Stored data »
[Start of section]

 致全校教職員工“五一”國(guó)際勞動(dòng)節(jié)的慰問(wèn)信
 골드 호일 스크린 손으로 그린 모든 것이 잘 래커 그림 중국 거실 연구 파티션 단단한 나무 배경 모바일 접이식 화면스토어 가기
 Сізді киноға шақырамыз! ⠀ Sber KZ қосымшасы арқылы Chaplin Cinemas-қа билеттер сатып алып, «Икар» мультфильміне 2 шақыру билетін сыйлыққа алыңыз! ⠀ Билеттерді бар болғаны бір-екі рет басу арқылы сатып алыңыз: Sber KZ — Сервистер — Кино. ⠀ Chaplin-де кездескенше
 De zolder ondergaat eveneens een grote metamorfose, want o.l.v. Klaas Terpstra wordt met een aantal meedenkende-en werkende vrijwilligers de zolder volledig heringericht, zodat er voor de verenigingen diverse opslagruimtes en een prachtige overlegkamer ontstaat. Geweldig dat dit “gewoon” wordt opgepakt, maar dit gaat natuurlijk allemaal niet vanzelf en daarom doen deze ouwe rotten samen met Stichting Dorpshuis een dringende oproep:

[End of section]
[Start of section]

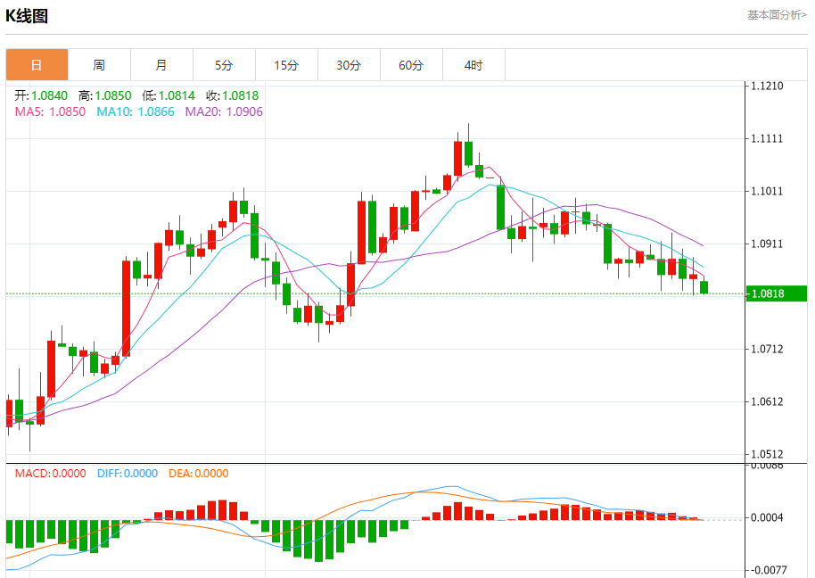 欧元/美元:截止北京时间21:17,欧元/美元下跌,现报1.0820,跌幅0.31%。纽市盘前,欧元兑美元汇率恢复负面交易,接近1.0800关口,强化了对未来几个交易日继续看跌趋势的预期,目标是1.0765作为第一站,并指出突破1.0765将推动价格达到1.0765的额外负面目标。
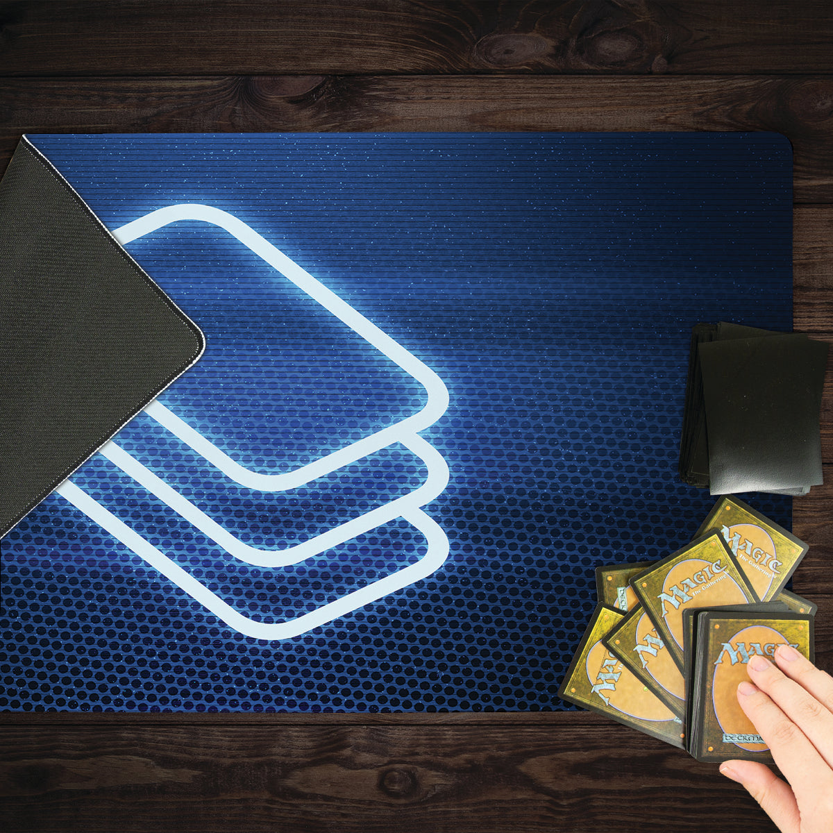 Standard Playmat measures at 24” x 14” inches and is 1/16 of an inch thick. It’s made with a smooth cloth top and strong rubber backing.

[End of section]

The lines above from the one with "골드 호일 스크린 손으로" through the one with "Сізді киноға шақырамыз!" are to be duplicated exactly, ends included, with nothing added.

Problem solution »
 골드 호일 스크린 손으로 그린 모든 것이 잘 래커 그림 중국 거실 연구 파티션 단단한 나무 배경 모바일 접이식 화면스토어 가기
 Сізді киноға шақырамыз! ⠀ Sber KZ қосымшасы арқылы Chaplin Cinemas-қа билеттер сатып алып, «Икар» мультфильміне 2 шақыру билетін сыйлыққа алыңыз! ⠀ Билеттерді бар болғаны бір-екі рет басу арқылы сатып алыңыз: Sber KZ — Сервистер — Кино. ⠀ Chaplin-де кездескенше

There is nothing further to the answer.